- Date: 24–30 April
- Edition: 2nd
- Surface: Clay
- Location: Buenos Aires, Argentina

Champions

Singles
- Thiago Seyboth Wild

Doubles
- Francisco Comesaña / Thiago Seyboth Wild
- ← 2022 · Challenger AAT · 2024 →

= 2023 Challenger AAT =

The 2023 Challenger AAT Legión Sudamericana was a professional tennis tournament played on clay courts. It was the second edition of the tournament which was part of the 2023 ATP Challenger Tour. It took place in Buenos Aires, Argentina between 24 and 30 April 2023.
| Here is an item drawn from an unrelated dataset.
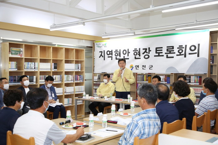27일 경기 연천군은 청산면 궁평 권역의 활성화를 위한 지역 현안 현장토론회를 열고, 현장의 다양한 의견을 청취했다. 사진은 토론회에서 김광철 군수가 발언하고 있는 모습. (사진제공=연천군청)

==Singles main-draw entrants==

===Seeds===

| Country | Player | Rank^{1} | Seed |
|---|---|---|---|
| ARG | Andrea Collarini | 181 | 1 |
| ARG | Thiago Agustín Tirante | 185 | 2 |
| ITA | Luciano Darderi | 188 | 3 |
| ARG | Juan Pablo Ficovich | 197 | 4 |
| ARG | Genaro Alberto Olivieri | 205 | 5 |
| DOM | Nick Hardt | 221 | 6 |
| ARG | Mariano Navone | 227 | 7 |
| BRA | Thiago Seyboth Wild | 231 | 8 |

- ^{1} Rankings are as of 17 April 2023.

===Other entrants===
The following players received wildcards into the singles main draw:
- ARG Alex Barrena
- ARG Alejo Lorenzo Lingua Lavallén
- ARG Lautaro Midón

The following players received entry into the singles main draw as alternates:
- BRA Pedro Boscardin Dias
- CHI Gonzalo Lama
- ARG Juan Bautista Otegui

The following players received entry from the qualifying draw:
- ARG Valerio Aboian
- ARG Tomás Farjat
- BRA Gustavo Heide
- PER Conner Huertas del Pino
- ARG Mariano Kestelboim
- ARG Matías Zukas

The following players received entry as lucky losers:
- BRA Wilson Leite
- BRA José Pereira

==Champions==

===Singles===

- BRA Thiago Seyboth Wild def. ITA Luciano Darderi 6–3, 6–3.

===Doubles===

- ARG Francisco Comesaña / BRA Thiago Seyboth Wild def. ARG Hernán Casanova / ARG Santiago Rodríguez Taverna 6–3, 6–7^{(5–7)}, [10–6].